The project was revived in 2005 with a ground-blessing ceremony, and in 2006 remediation work began on its nearly 300-acre site, which was once home to Indigenous encampments but also suffered “industrial trauma” as one of North America’s most prodigious oil-producing fields during the Industrial Revolution, Wasserman says.
In 2007, organisers signed a memorandum of understanding with the Smithsonian’s National Museum of the American Indian in Washington, DC, for the long-term loan of objects that had been collected in Oklahoma and were associated with the 39 tribes who lived in the state in the 19th century, many of them relocated by the US government.

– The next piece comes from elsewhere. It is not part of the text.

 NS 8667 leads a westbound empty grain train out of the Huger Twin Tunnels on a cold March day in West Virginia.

But in 2012, state funding was depleted, and the museum remained a shell until 2015, when the state of Oklahoma, Oklahoma City, AICCM Land Development, LLC, a wholly-owned subsidiary of the Chickasaw Nation and the American Indian Cultural Center Foundation kickstart the project once again with the aid of private donors.

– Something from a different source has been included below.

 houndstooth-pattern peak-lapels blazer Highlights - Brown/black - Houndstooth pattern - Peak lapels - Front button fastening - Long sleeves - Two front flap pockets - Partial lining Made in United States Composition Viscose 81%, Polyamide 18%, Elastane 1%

The museum was then known as the American Indian Cultural Center, but last December its director, James Pepper Henry, changed the name to “reflect the fact that Indigenous histories and American history are inseparable”, Wasserman says.

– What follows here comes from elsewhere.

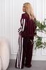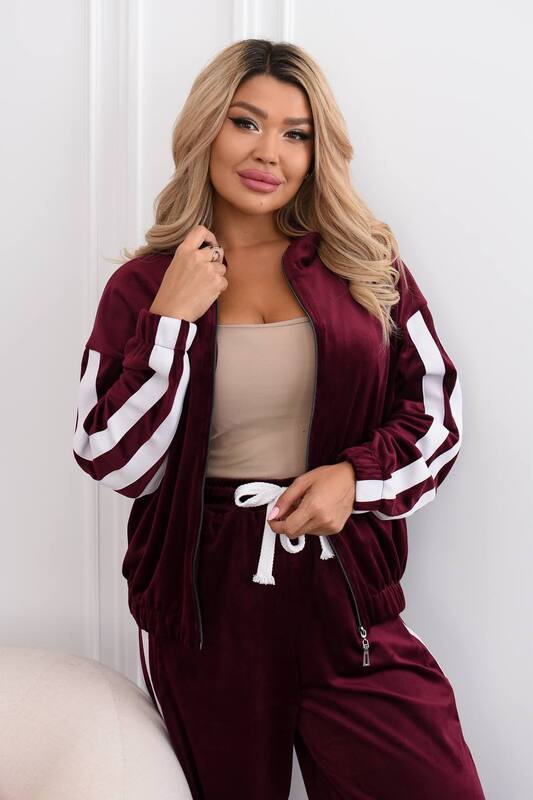 Кофта на блискавці, штанці палаццо висока посадка, пояс на резинці з робочим шнурком в поясі. Лампаси м,які х/б, тканину не стягують, дуже зручний, практичний костюм.

When the museum opens, Redcorn and Erb’s large-scale commissions will challenge the “common representation of Indigenous art in museums, where everything is often relegated to the past and has a primitive aspect”, Erb says. “Too often Indigenous museums have cultures represented but no people.”
Redcorn, who is known for reviving the lost art of Caddo ceramics, has designed an installation evoking the pottery, titled Ayo Wahdut Kuku (Sky Earth Water), which will wrap around a circular gallery. Occupying parts of Texas, Arkansas, Louisiana and Oklahoma before the Louisiana Purchase in 1803, the Caddo people “believed in not dominating nature but living with nature, and in a communal way of life that was robbed from them by the European government”, says Redcorn. Her design seeks to “honour” the Caddo and the “yin-yang connection that [they] believed in”.
Erb’s work, Indigenous Brilliance, will depict on a copper wall the relationship between nature and Indigenous tribes in Oklahoma, while symbolically reflecting on events such as the removal of Indigenous tribe from their lands.
An 8,000 sq. ft gallery will present objects on loan from the Smithsonian, selected after extensive research into how Oklahoma tribes were represented in the institution’s collection. The space is planned to offer “an equitable and meaningful representation” of the 39 tribes, says Heather Ahtone, the museum’s senior curator, but the Smithsonian’s holdings were not complete. Contemporary artists have been commissioned to create new works to fill the gaps, with three or four objects on view for each tribe.
There are plans in a future phase to construct a 7,500 sq. ft. space to feature Indigenous artists as part of the mission to support “living artists in Oklahoma”, Wasserman says. “Most of our artists have to travel to places like the Santa Fe Indian Art Market and other large fairs elsewhere in order to be recognised. We want to create and cultivate a community here.”